• **The data**
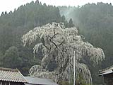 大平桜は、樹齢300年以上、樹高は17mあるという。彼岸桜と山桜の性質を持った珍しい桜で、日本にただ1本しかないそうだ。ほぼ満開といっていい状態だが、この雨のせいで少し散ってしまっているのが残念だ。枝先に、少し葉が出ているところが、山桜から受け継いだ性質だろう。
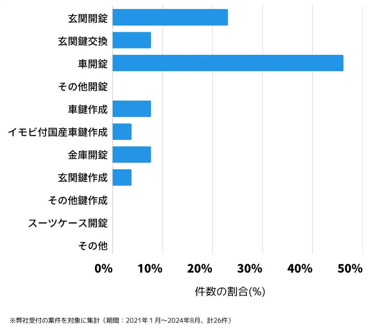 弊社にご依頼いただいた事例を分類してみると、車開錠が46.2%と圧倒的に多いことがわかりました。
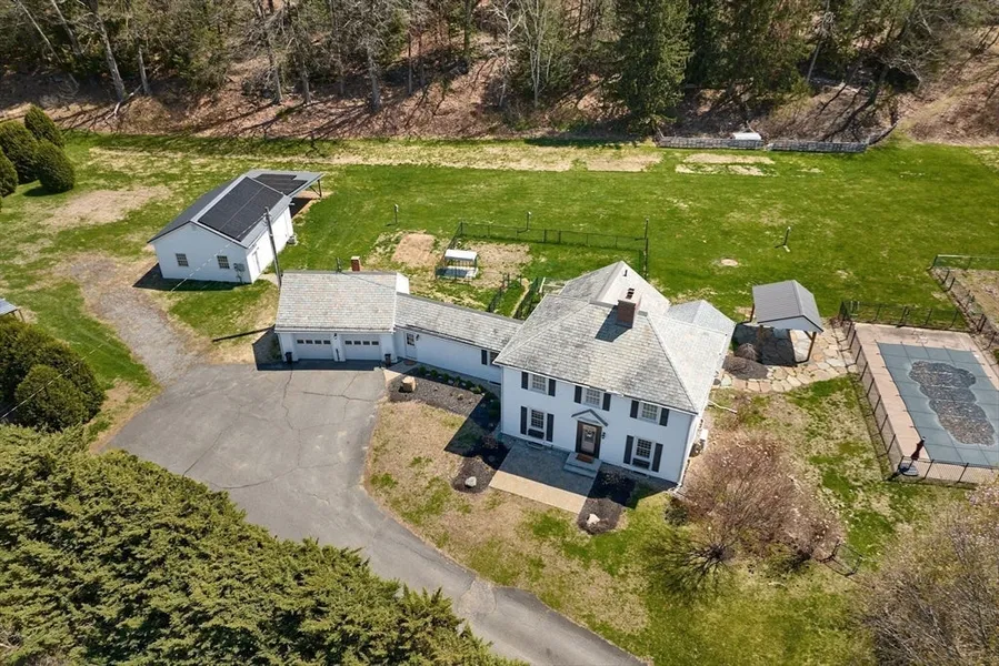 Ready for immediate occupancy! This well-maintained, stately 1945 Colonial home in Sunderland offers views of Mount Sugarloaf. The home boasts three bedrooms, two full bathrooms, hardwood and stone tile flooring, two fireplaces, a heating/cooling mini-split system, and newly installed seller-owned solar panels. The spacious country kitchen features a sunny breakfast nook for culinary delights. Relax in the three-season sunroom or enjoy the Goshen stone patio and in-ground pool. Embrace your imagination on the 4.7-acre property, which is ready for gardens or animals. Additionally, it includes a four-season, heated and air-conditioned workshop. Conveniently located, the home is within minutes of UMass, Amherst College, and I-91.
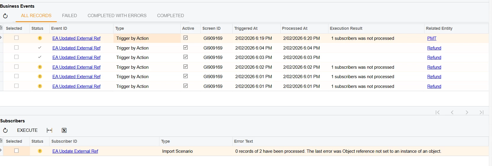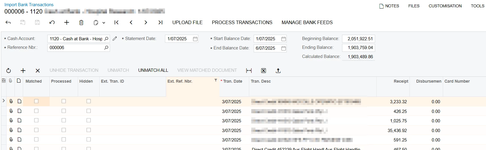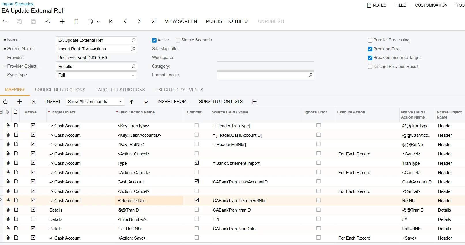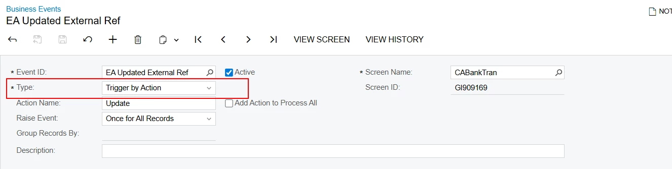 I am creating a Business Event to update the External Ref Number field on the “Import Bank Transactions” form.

• **Aim of the exercise**
Quote the material above exactly, from the line holding "弊社にご依頼いただいた事例を" through its last line, including both. Omit the pictures.

• **Reply**
 弊社にご依頼いただいた事例を分類してみると、車開錠が46.2%と圧倒的に多いことがわかりました。
 Ready for immediate occupancy! This well-maintained, stately 1945 Colonial home in Sunderland offers views of Mount Sugarloaf. The home boasts three bedrooms, two full bathrooms, hardwood and stone tile flooring, two fireplaces, a heating/cooling mini-split system, and newly installed seller-owned solar panels. The spacious country kitchen features a sunny breakfast nook for culinary delights. Relax in the three-season sunroom or enjoy the Goshen stone patio and in-ground pool. Embrace your imagination on the 4.7-acre property, which is ready for gardens or animals. Additionally, it includes a four-season, heated and air-conditioned workshop. Conveniently located, the home is within minutes of UMass, Amherst College, and I-91.
 I am creating a Business Event to update the External Ref Number field on the “Import Bank Transactions” form.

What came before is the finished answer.